Reputation: 19805
I have an empirical distribution and I am trying to fit a T
distribution to it using numpy
and plotting it with matplotlib
.
Here is something I cannot understand:
import numpy as np
import matplotlib.pyplot as plt
from scipy.stats import t
arr = np.array( [140, 36, 44, 24, 15, 48, 19, 2, 84, 6, 70, 3, 20, 6, 133, 23, 30, 7, 37, 165] )
params = t.fit( arr )
mean = arr.mean()
std = arr.std()
r = np.arange( mean - 3 * std, mean + 3 * std, 0.01 )
pdf_fitted = t.pdf(r, *params[0:-2], loc=params[-2], scale=params[-1])
plt.plot( r, pdf_fitted )
plt.plot( [mean, mean], [0, max(pdf_fitted)] )
plt.show()
This plots:
The green line is the mean of the emprical data, and the blue line is the fitted T
distribution to the same data.
The problem is the empirical mean and the peak of the distribution do not match.
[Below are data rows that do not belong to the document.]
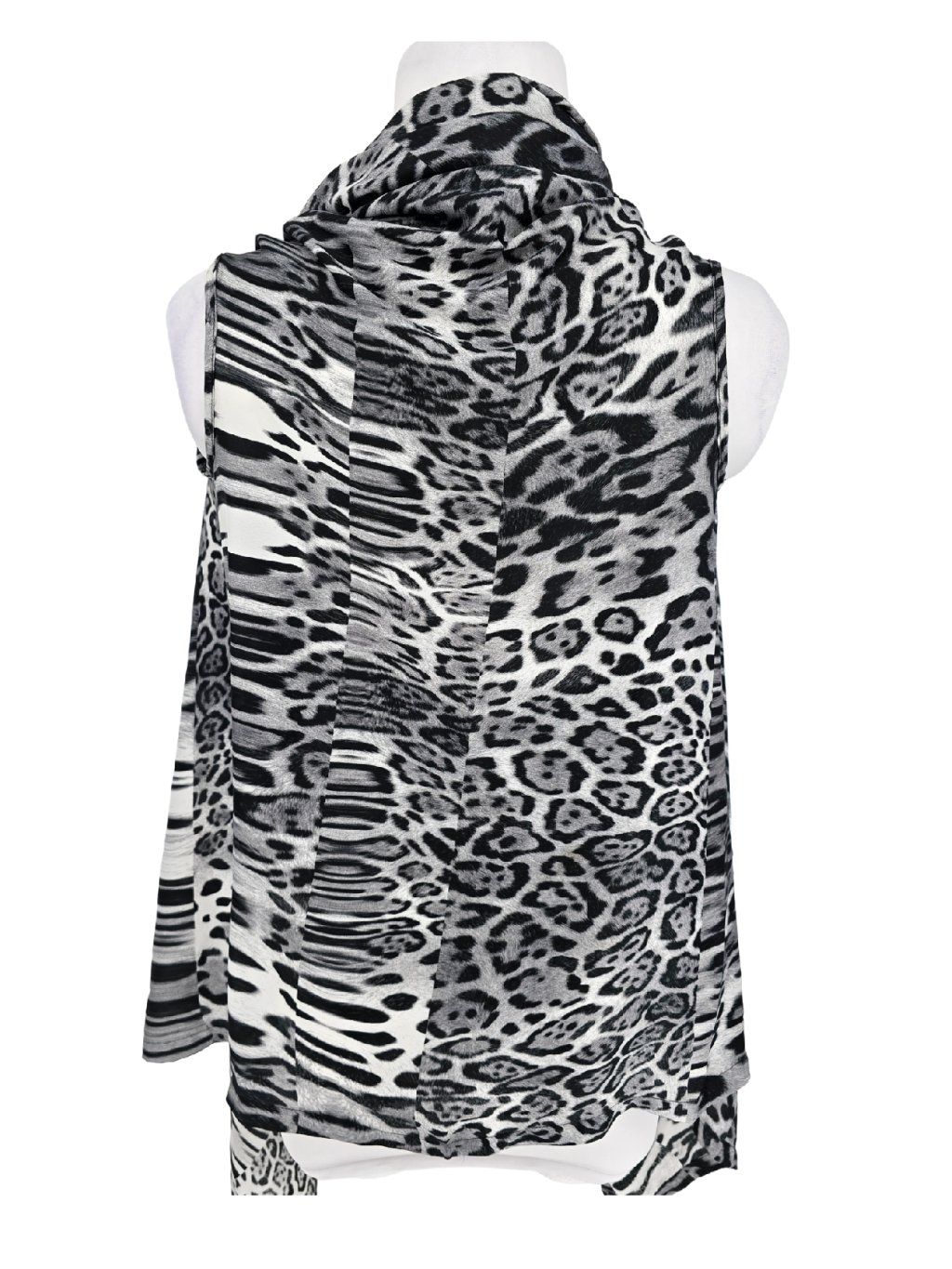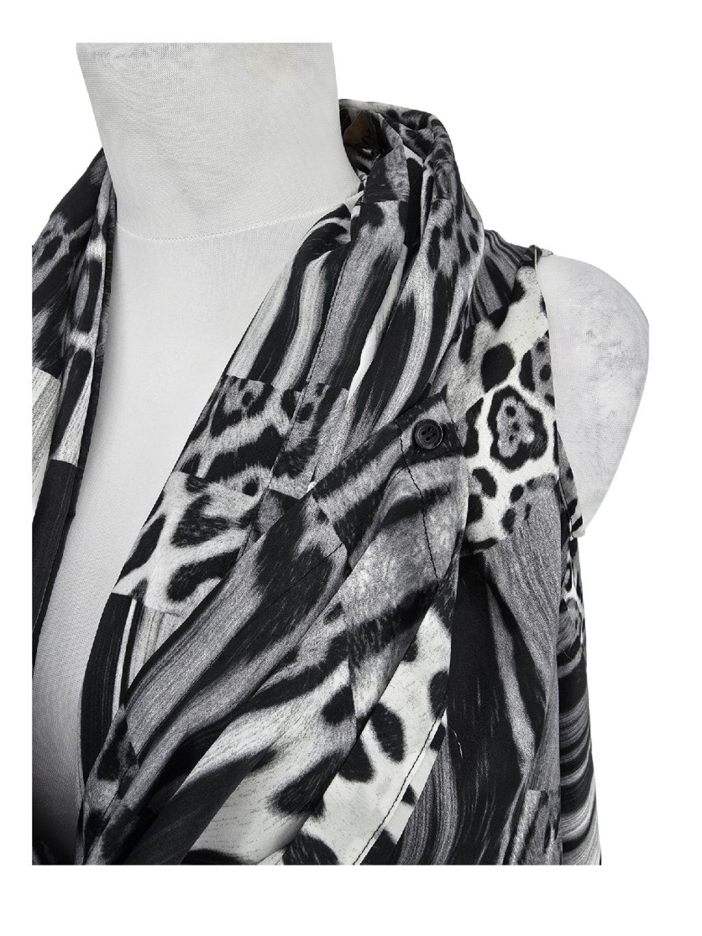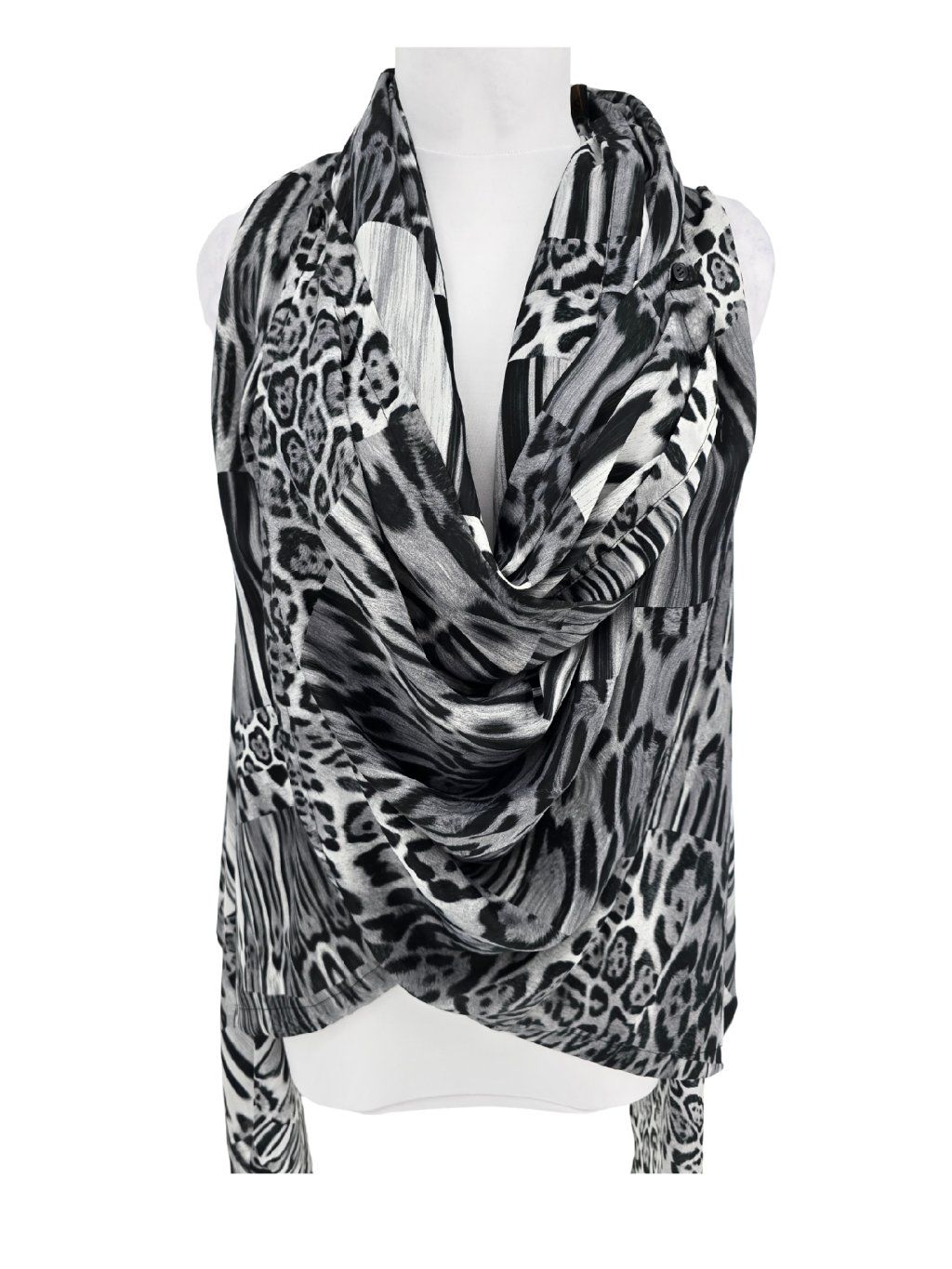 vel. neuvedena , ale spíše menší - cca 36/38 - podle šířky zad v průramcích , zajímavý splývavý lehký pléd , po zapnutí a překřížení cípů na ramena ( knoflíčky ) lze nosit i jako top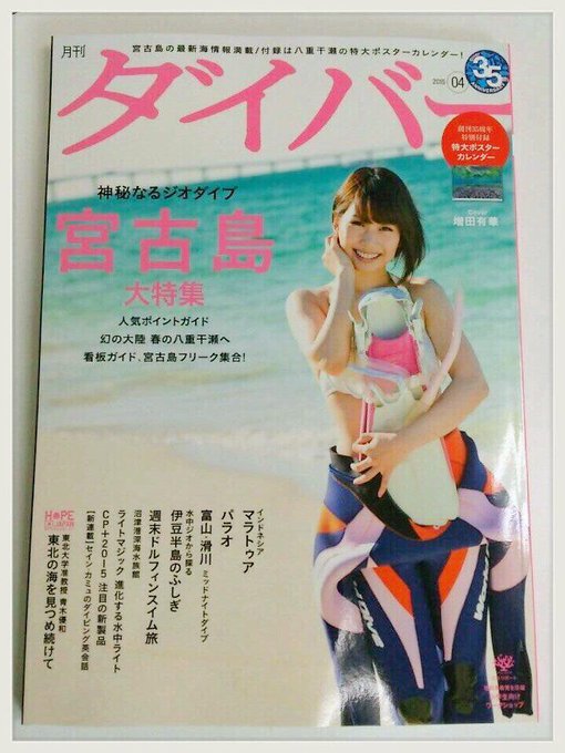 今日発売のダイビング専門雑誌『月刊ダイバー』の表紙と宮古島特集に載っています!この日が待ち遠しかったー(*^_^*)!もうGETされた方いらっしゃいますか?久々に水着きたよ笑。感想聞かせてね! pic.twitter.com/vWe1DO65Vb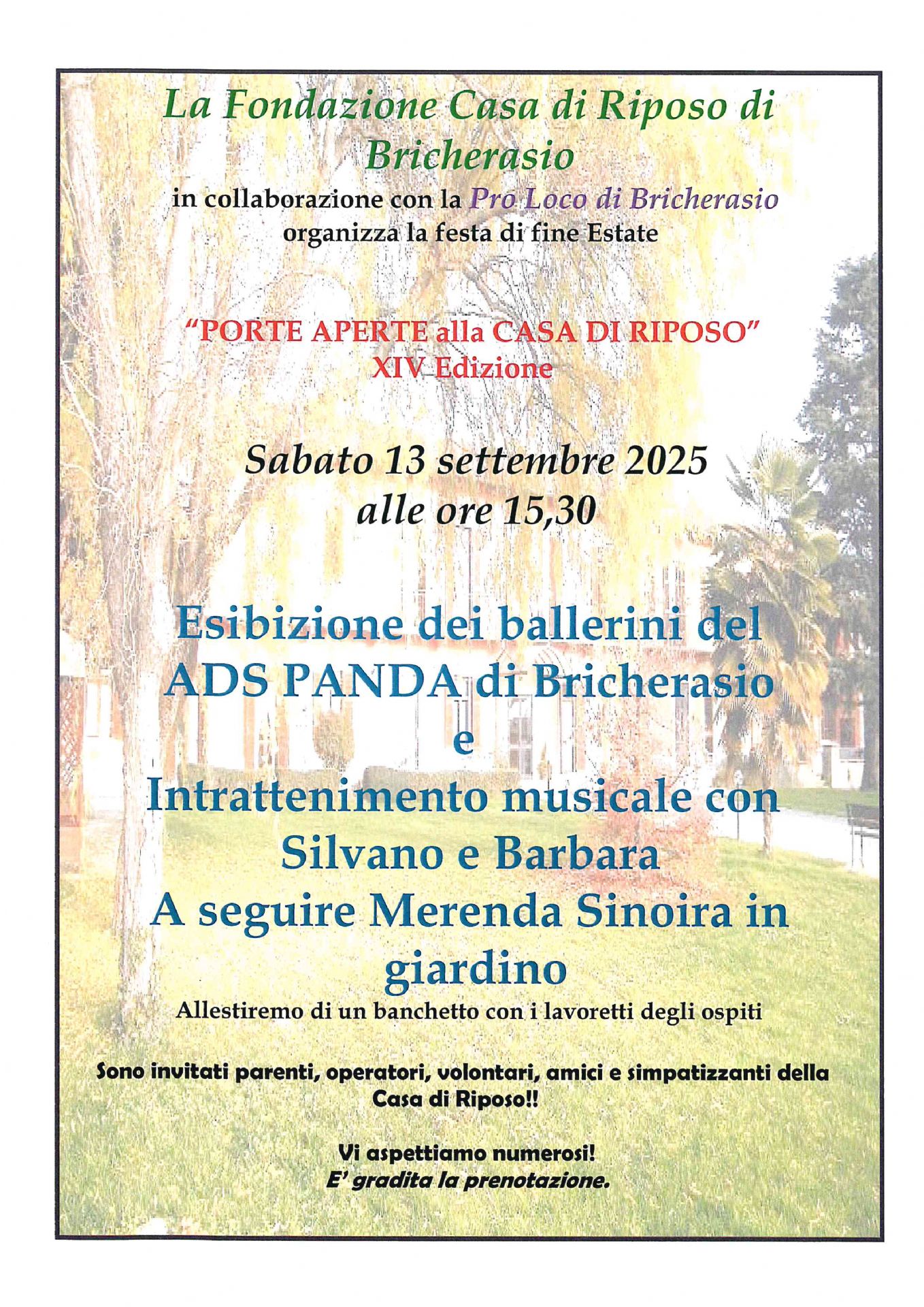 All’interno delle manifestazioni della 57^ Sagra dell’Uva ci sono le classiche ed immancabili Porte aperte alla casa di riposo di Bricherasio alle ore 15,30 di sabato 13 settembre, con animazione per allietare il soggiorno degli ospiti, parenti, volontari, amici e simpatizzanti. Arrivata alla 14^ edizione la giornata prevede un simpatico intrattenimento musicale a cura di “Silvano e Barbara” al quale farà seguito l’esibizione dei ballerini dell’Associazione Sportiva Panda nella struttura di Via Bell Ville. Gradita la prenotazione al numero 012159137.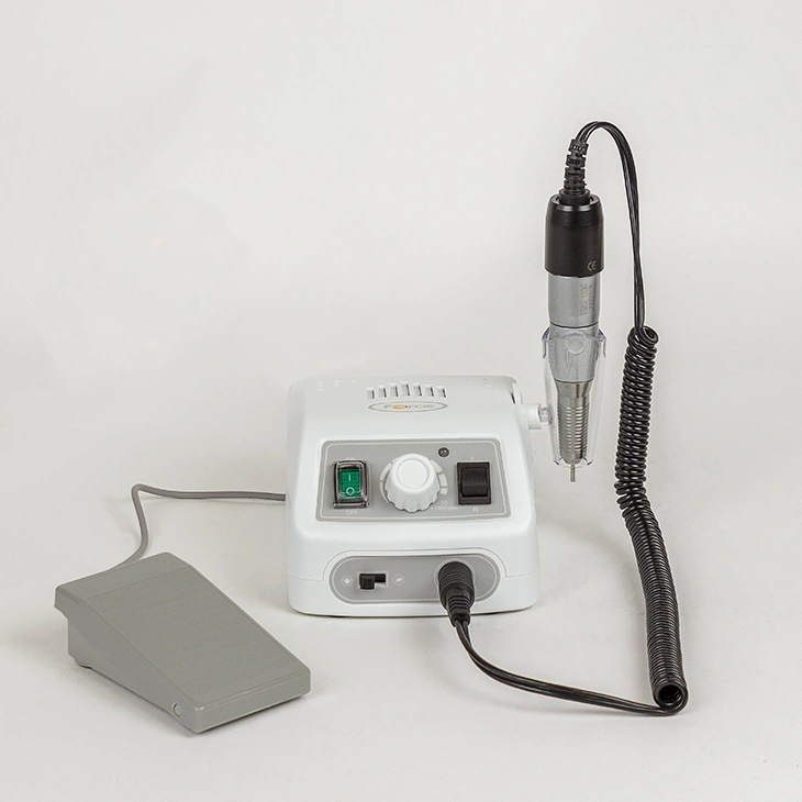 Маникюрный аппарат обладает мощностью в 60 Ватт и достигает 30000 оборотов в минуту. Во время работы ручка фрезера не нагревается благодаря системе охлаждения. Фреза не создает вибраций, что дает возможность сделать идеально ровную поверхность. Легкий вес наконечника и удобная форма предотвратят усталость рук мастера в процессе работы.

When I fit a normal
distribution to the same data, I get a perfect match with the green line and the peak of the distribution, as expected.
Now, looking to the Wikipedia T distribution:
The t-distribution is symmetric and bell-shaped, like the normal distribution, but has heavier tails...
Since it says it is symmetric I expect that my mean and the peak match perfectly, but it does not.
My question is: Is there anything wrong with my Python code or is it the expected behavior of the T
distribution? If yes, why? If no, what I am doing wrong with my code?
Upvotes: 2
Views: 217
Reputation: 648
There's no bug in the Python code as far as I can see; actually this is a good example to illustrate the robustness of the Student t distribution compared to the Gaussian. One characteristic of exponential family distributions (Gaussian, Exponential, Binomial, Poisson, etc.) is that they have really thin tails, meaning that the pdf decreases exponentially as you deviate from the mean. This characteristic gives them nice theoretical properties, but is often the bottleneck in applying them to model real-world distributions, where outliers abound in the dataset. Therefore, the t distribution is a popular alternative, because a couple outliers in your observed dataset wouldn't affect your inferences much. In your example, think about the original dataset as consisting of all points except the three high outliers. However, these outliers were, say introduced in some noisy process. Statistical inference aims to describe properties (say, the mean) of the original dataset, so suppose you used a Gaussian in this case you would have grossly over-estimated the true mean. If you used the t in this case, it would not match the mean of your noisy sample, but it would be much a much more accurate estimate of the original true mean, regardless of the outliers.
Upvotes: 3